Lack of vulgarity turns off Italians

ITALY'S annual exercise in shameless kitsch is in big trouble. The San Remo music festival, a homespun variant on the Eurovision Song Contest but without the breadth of talent, always used to puzzle foreigners because its parade of platitudes and artificial glitter glued tens of millions of viewers to their television screens for an entire week.

This year, though, audience figures have hovered somewhere around the 11 million mark - not exactly a bad showing, but nothing compared to the 18 or 20 million who have faithfully tuned in, in years past. By the standards of Italian television, the drop is little short of a social revolution.

What has happened? Have viewers finally sickened of ageing music hall acts crooning endlessly about full moons, the wistful passing of time and the immortality of love? Has the country grown tired of the traditional rivalry between the two beautiful female presenters who are obliged to flirt with the ugly male one?

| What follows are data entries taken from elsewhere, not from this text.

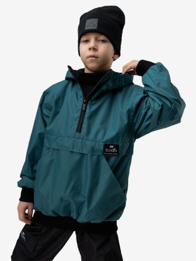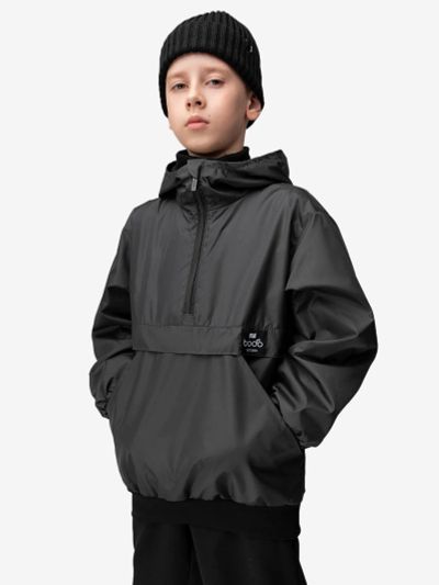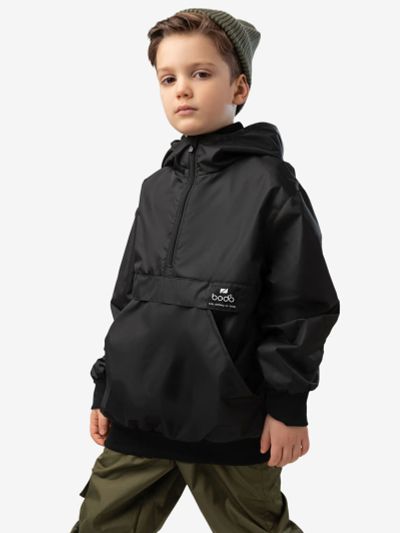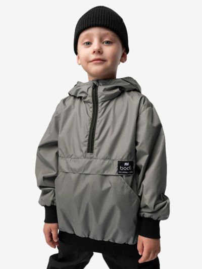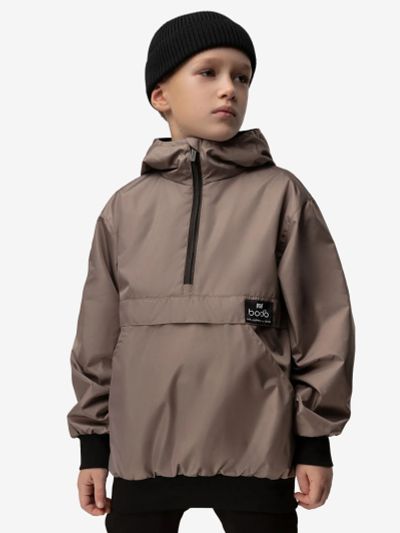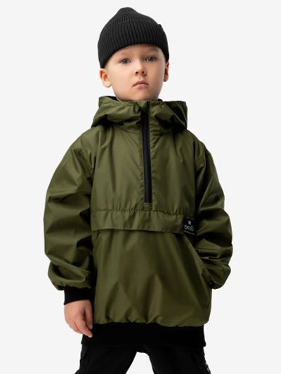 Ветровка (анорак) для детей. Материал верха: дюспо; материал подкладки: 100% хлопок; материал подкладки на рукавах: таффета. Материал дюспо водоотталкивающий, воздухообменный и ветрозащитный. Детали: сквозные боковые карманы, несъемный капюшон на стойке закрывает шею. Температурный режим от 8 до 15 °C.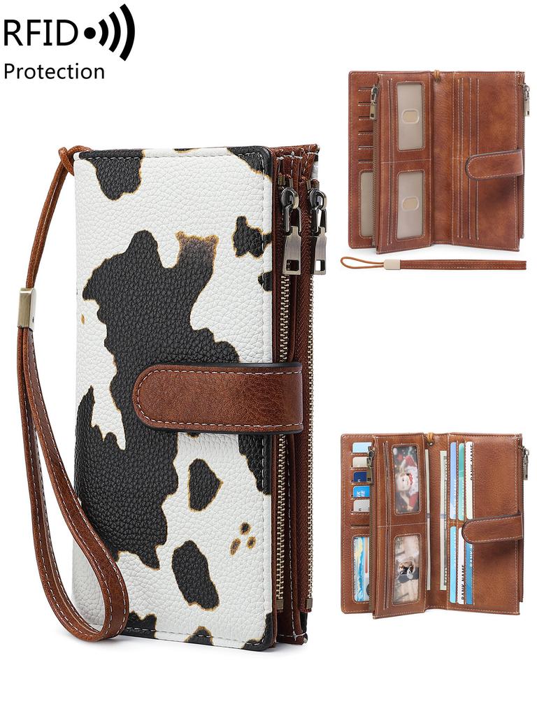 RFIDAnti-theft Trifold Ladies LongWallet Retro Multi-function Double Zipper Clutch Bag Multi-card Slot Coin Purse with Wristband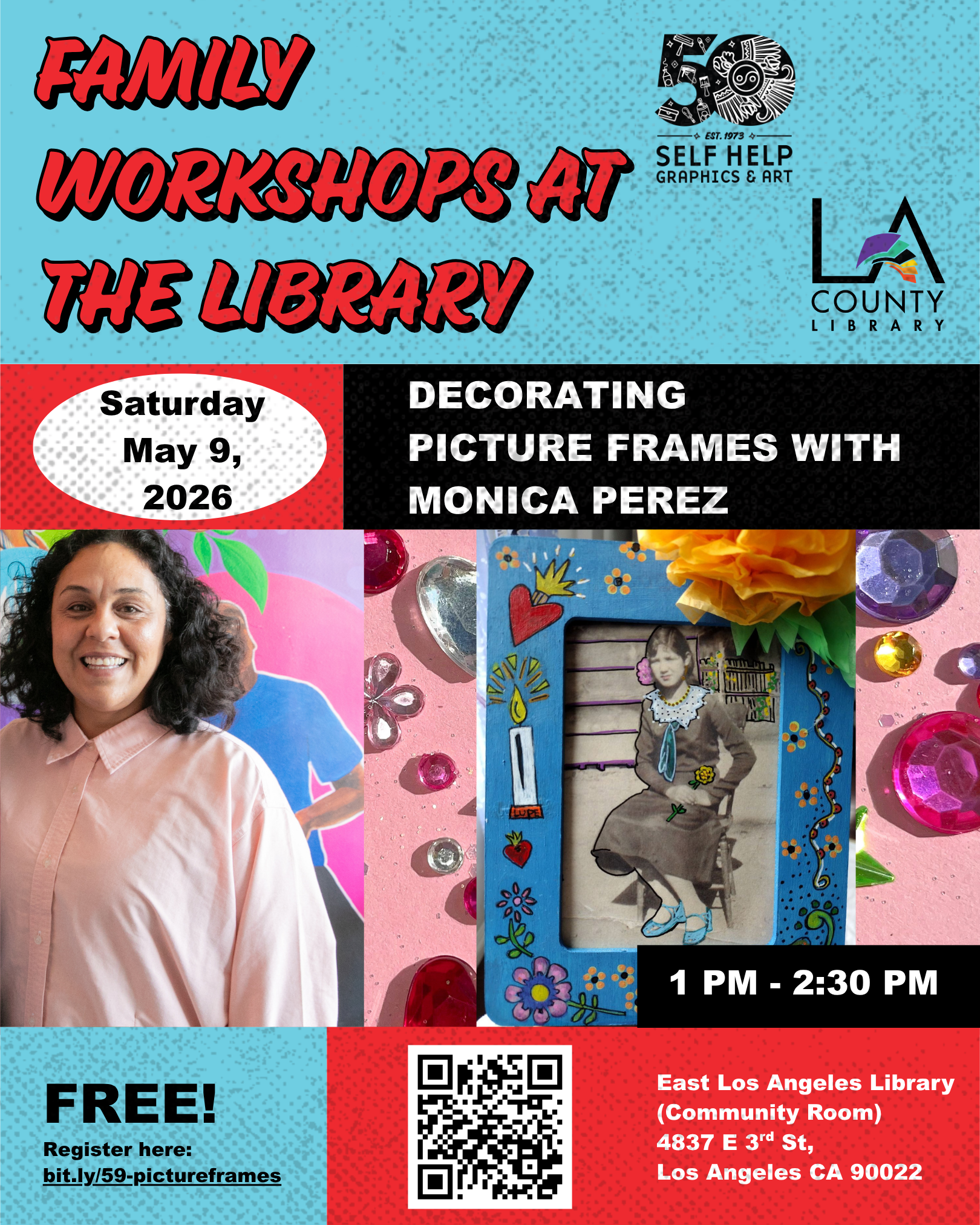 Self Help Graphics & Art’s monthly free Family Workshops are held at the East Los Angeles Library every second Saturday of the month in the Community Room. Limited public parking is available. The East Los Angeles County Library is located at 4837 E 3rd St, Los Angeles, CA 90022, directly across from the Metro E Line East LA Civic Center Station, at the intersection of 3rd Street and Mednik Avenue.

The reverse seems to be true. "The festival is losing viewers because it is not disgusting enough," speculates the cultural critic Curzio Maltese. "It is not sufficiently vulgar and violent to satisfy an audience corrupted by years of gameshows, perverted sentiments and cynicism." In other words, in the lurid modern world of Silvio Berlusconi's television empire - all bulging breast implants and straight-to-camera humiliations - San Remo, which goes out on the RAI state broadcasting service, has simply become too twee.

For many years, the old-fashioned flavour was part of the appeal, a throwback to the innocent days of 1950s beach holidays and good Catholic family values. But clearly audiences will no longer accept the likes of Umberto Bindi, who looks like Yasser Arafat in a ponytail and sings his sub-airport lounge material in a voice like rancid treacle. "Everyone lies in the bed that they deserve," was the refrain of his eminently forgettable song.

The festival's master of ceremonies, Pippo Baudo, has blamed his bad week squarely on Berlusconi's private channels. "We're under constant ambush," he complained. "They'd like to see me in my underpants, or completely naked, or even dead."

That is certainly the career path taken by many of his erstwhile co-presenters. The voluptuous model Cannelle went on to be hypnotised live on television and induced to take off all her clothes. One of last year's belles, Anna Falchi, was recently reduced to tears on the Italian equivalent of Beadle's About when the programme makers made her believe she was responsible for wrecking a friend's new Ferrari.

This year, by contrast, San Remo has shown worrying signs of political correctness. One song spoke frankly about homosexuality for the first time in the history of the festival and two singers, previously shunned because of their sexual orientation, were given a warm welcome. Moreover, the proceedings were kicked off with a guest appearance by Bruce Springsteen, no less, who lent an unaccustomed touch of class with a performance of the title track of his new album The Ghost of Tom Joad.

Only the opening credits really got into the kitschy spirit with any enthusiasm. "If you want to sing then sing, because San Remo is the thing," went the jingle. Now that's more like it.